The Corona crisis has focused our perspective to the importance of critical infrastructures and public services. In particular, the crisis reveals how interrelated processes are to provide even the most basic goods and services. The so-called ‘heroes of Corona’ (such as healthcare workers, doctors, nurses, cleaners and cashiers) whose work fulfils the needs of everyday life are collective points of attention. Water, food, mobility and local production are not a given but the work of many, often low-income, workers. Spatial aspects of our lives change rapidly at the same time. We could live everywhere and be evenly distributed in space if we live fully digital and #stayathome. Neighbours and close networks help us, but density of people becomes suspicious. Are dense cities a great achievement of the past and maybe the recent present (see authors like Edward Glaeser and Richard Florida), and now to be abandoned (again) because they raise fears of density and virus spread? What can and should we as planners do to provide and safeguard the spatial preconditions for encounter and social connections?
Society will never be completely online. Even in deep crisis, we see the importance of real-world creativity and cultural events as a coping mechanism and a sign of collective hope: singing from balconies, shopping for our neighbours and video calls with friends and relatives are signs of need for physical connections. On the other side, we must ask: who is excluded? Who are the ones that we do not see now? Our special concern must be for homeless people, some single-person households, functional or full illiterate people, children and elderly people (see also this blog)
Until recently, digital transformation of society and economy related to even more spatial movement at all scales and the emergence of many ‘third spaces’ like cafés for living and working.

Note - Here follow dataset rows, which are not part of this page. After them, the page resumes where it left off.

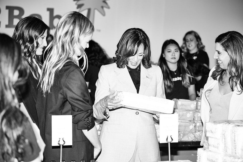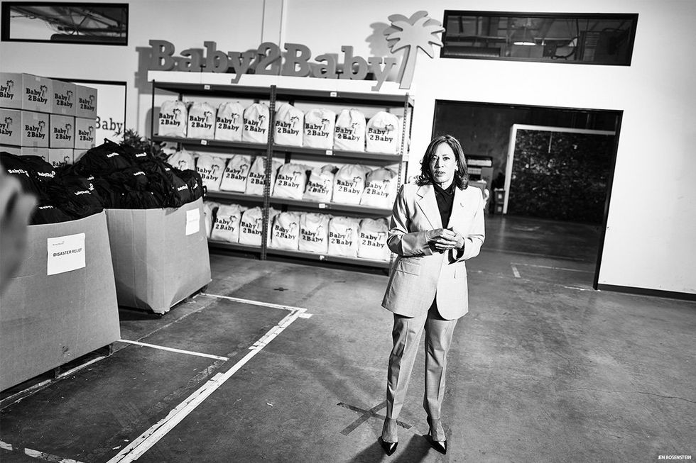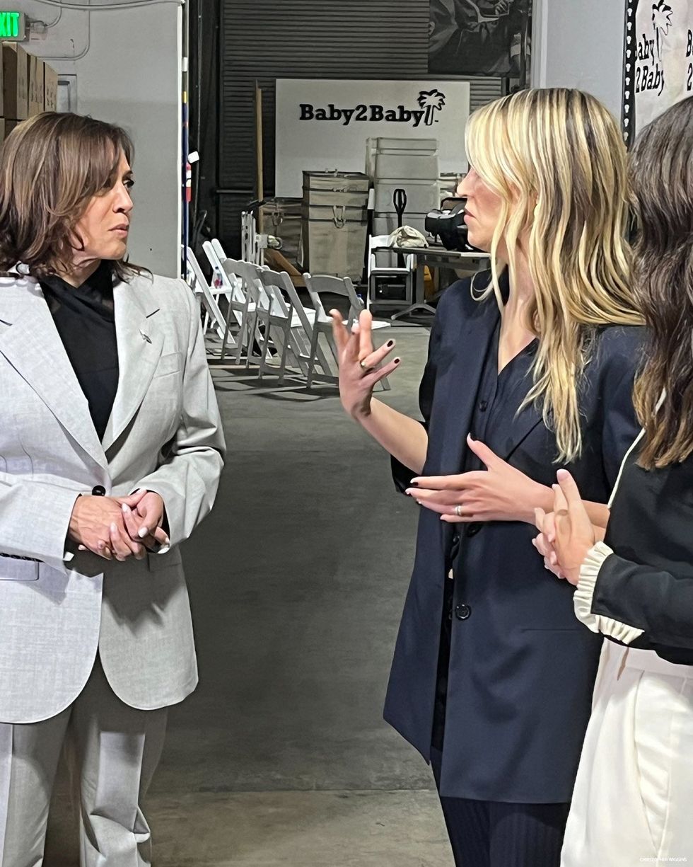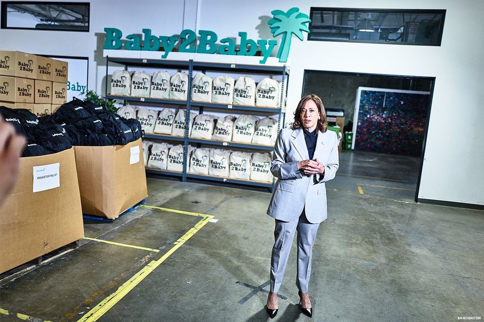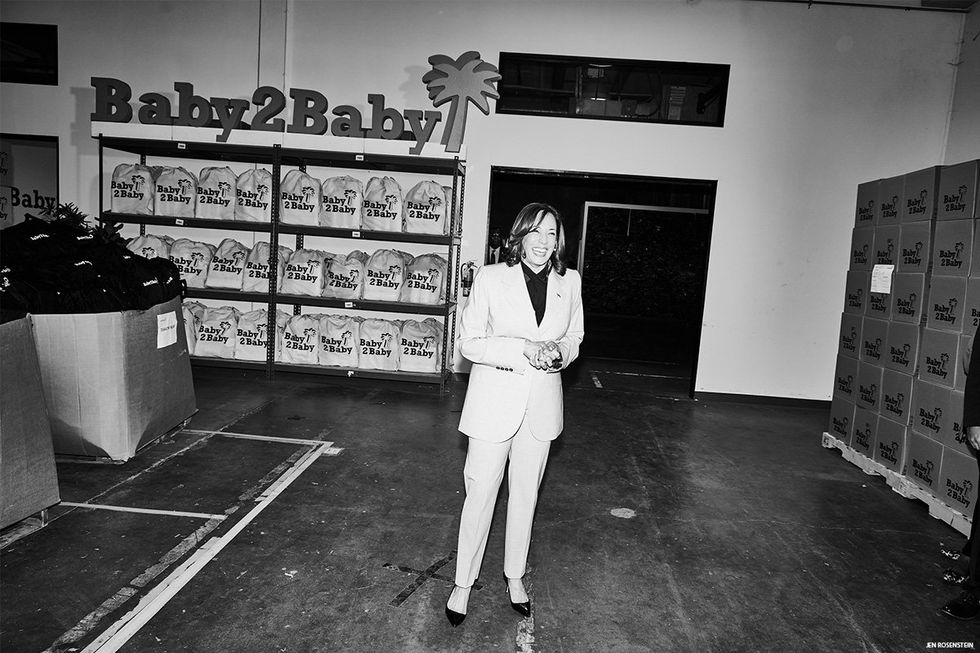 Harris and the Baby2Baby co-CEOs came around a corner and stopped (stepping on their “x” spot markers) as photographers and videographers captured some of the conversations. A few moments later, all journalists were ushered down the hall to the next stop along the tour, and the scene repeated itself. This happened again a few times; each time, the press gathered and waited as the organization’s leaders and the vice president made their way to the next part of the building to be featured.
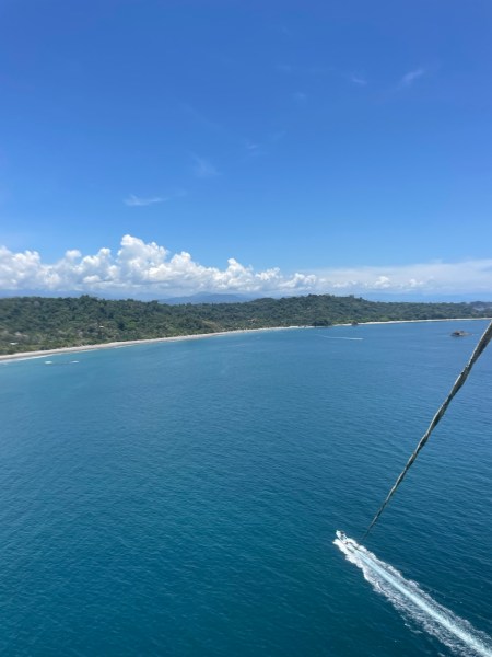 The whole ride was maybe only 15-20 minutes I think. It was so cool! I have parasailed once in Grand Cayman, and I think once in Mexico, but it had been YEARS since I’d done it. Really fun, and I think Manuel Antonio was a great parasailing option. Some beaches are kind of “plain” or just flat, with nothing much to see from the sky, but Costa Rica is so full of mountains and dense jungles that it’s a really beautiful contrast next to the ocean.
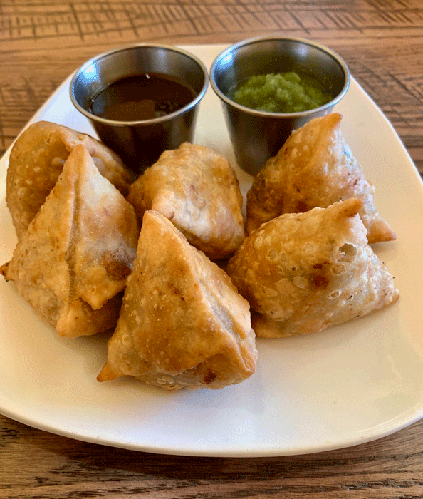 8 February 2020: The Marigold Cafe’s samosas are a unique India meets New Mexico treat stuffed with potato, green chile, and cheese. Offered a number of chutneys, we opted for the sweet, tangy tamarind and spicy mint-coriander chutney, dipping sauces with polar opposite flavors. The samosas are terrific with the green chile adding a unique twist, that of a lively punch. If you enjoy the piquancy of the green chile, the mint-coriander chutney amps it up even more. If you prefer a fruity contrast, you’ll enjoy the tamarind chutneys influence. Both are excellent.

Now that this suddenly stops, distortions and new exclusions open that need attention. Traditional families are back as main social reference points and we do not have much to say about diverse models of living in times of Corona crisis. Post-growth planning needs to include the whole diversity of our society into planning processes and planning after Corona must engage constructively especially with those who are out of sight.
Together with Viola Schulze Dieckhoff (TU Dortmund University & die urbanisten e.V.) I have developed six propositions as the cornerstones of post-growth planning in a discussion paper. We open up two possible scenarios for further discussion:
1. A Corona bubble of (happy) isolation with a lack of spatial conflicts, a lack of surprises and confrontation with challenging world views even after a lack of finance and jobs in the Corona lockdown. We want to wait and then return to the normal as it was before. However, the longer lockdown lasts, the more unlikely this option is. The threat is that we lack a clear vision as much has already changed and simply bouncing back is not an option to choose. Getting back to before is already impossible.
2. We return as an open society that emphasizes, solidary, connectedness, empathy and a lifestyle based on principles of sufficiency. We have managed to include disadvantaged groups during the crisis and have engaged with basic needs and desires. We have used the time to debate ways to develop and use spaces afterwards. Thoughts open on the change of consumption and production patterns and on mobility options. This opportunity scenario can use visioning and collective backcasting to develop measures of socio-ecological transformation and allow to plan for a smart recovery.
In the paper, important questions for spatial planning are raised: How can we, as planners, support keeping or even strengthening social contacts without spatial contacts? How can we assist a democratic debate about spatial futures and a new meaning of the spatial for the social (local, regional and global)? Post-growth planning means collective exploration, inspiration and leading towards new visions and goals. In words based on Star Trek: To boldly plan what no planner has planned before.
Post-growth planning needs to include the whole diversity of our society into planning processes and planning after Corona must engage constructively especially with those who are out of sight.